> [Problem to work on] Copy the material below verbatim from the line with "она в Facebook." to the line with "Yellow and White", both lines included, omitting pictures and every line outside that range.

> [Recorded data]

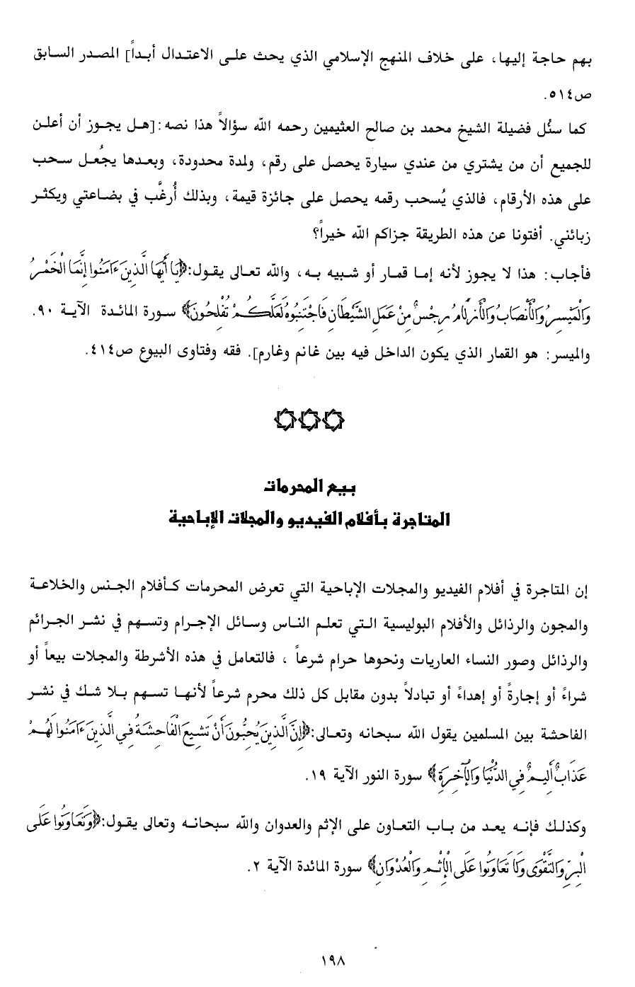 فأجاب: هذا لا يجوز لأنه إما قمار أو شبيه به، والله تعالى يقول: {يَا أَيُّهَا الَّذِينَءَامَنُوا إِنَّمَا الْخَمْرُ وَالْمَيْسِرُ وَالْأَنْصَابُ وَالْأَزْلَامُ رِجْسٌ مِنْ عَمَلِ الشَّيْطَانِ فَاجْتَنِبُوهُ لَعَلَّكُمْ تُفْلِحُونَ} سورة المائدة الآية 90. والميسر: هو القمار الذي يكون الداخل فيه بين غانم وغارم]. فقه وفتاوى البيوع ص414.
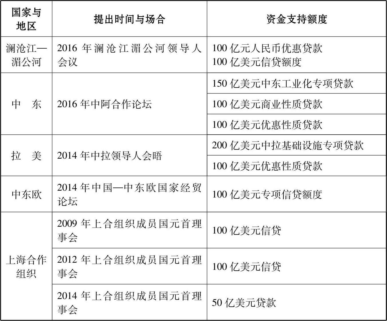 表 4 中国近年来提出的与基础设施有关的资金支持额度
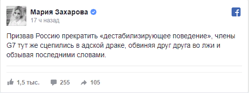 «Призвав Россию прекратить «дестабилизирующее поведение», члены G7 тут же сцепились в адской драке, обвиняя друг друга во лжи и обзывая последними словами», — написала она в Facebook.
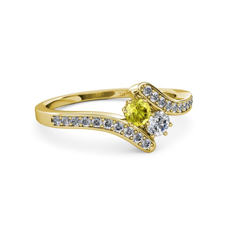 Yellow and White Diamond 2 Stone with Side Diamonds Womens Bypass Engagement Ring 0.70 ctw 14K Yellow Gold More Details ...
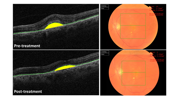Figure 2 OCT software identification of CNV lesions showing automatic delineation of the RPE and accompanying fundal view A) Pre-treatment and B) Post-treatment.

...

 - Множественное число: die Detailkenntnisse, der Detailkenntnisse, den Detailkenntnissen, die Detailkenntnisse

> [Response area]
 «Призвав Россию прекратить «дестабилизирующее поведение», члены G7 тут же сцепились в адской драке, обвиняя друг друга во лжи и обзывая последними словами», — написала она в Facebook.
 Yellow and White Diamond 2 Stone with Side Diamonds Womens Bypass Engagement Ring 0.70 ctw 14K Yellow Gold More Details ...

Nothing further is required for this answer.